Entries shown:
---+---

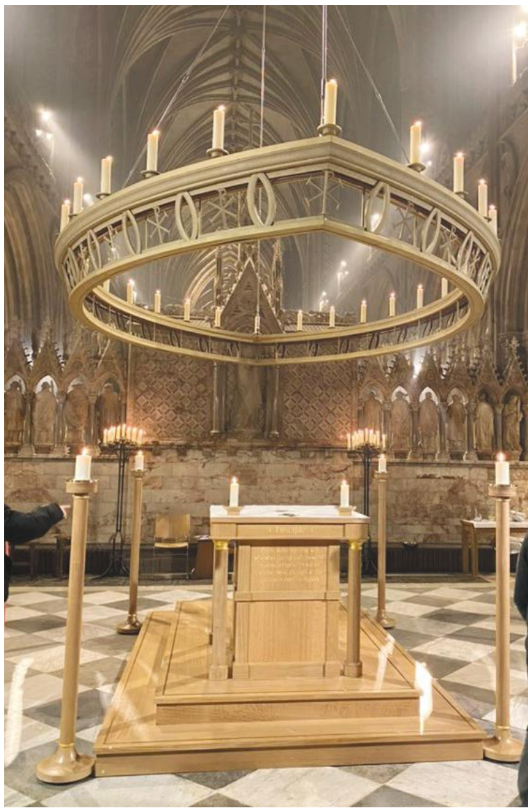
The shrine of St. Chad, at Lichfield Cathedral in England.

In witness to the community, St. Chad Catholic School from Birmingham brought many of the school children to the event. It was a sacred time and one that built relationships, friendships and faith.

---+---

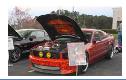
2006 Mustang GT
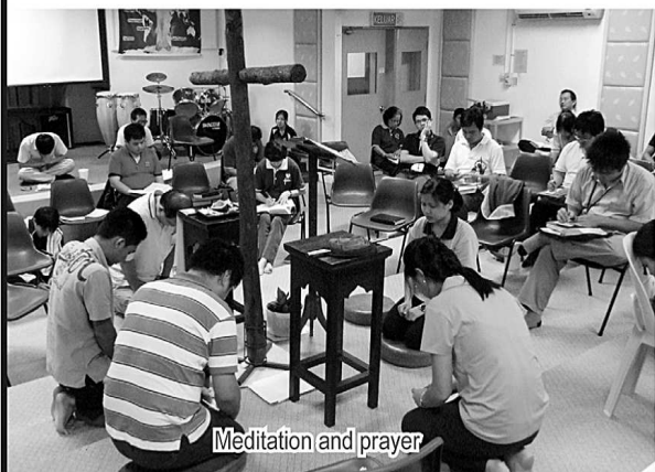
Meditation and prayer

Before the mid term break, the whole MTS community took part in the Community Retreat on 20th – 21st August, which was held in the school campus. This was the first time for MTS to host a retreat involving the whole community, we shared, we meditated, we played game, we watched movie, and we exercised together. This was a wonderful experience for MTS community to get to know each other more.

---+---

Work task: Please reproduce the lines from the line with "The shrine of" to the line with "In witness to", both ends included, exactly as they appear above.

Response for this exercise:
The shrine of St. Chad, at Lichfield Cathedral in England.

In witness to the community, St. Chad Catholic School from Birmingham brought many of the school children to the event. It was a sacred time and one that built relationships, friendships and faith.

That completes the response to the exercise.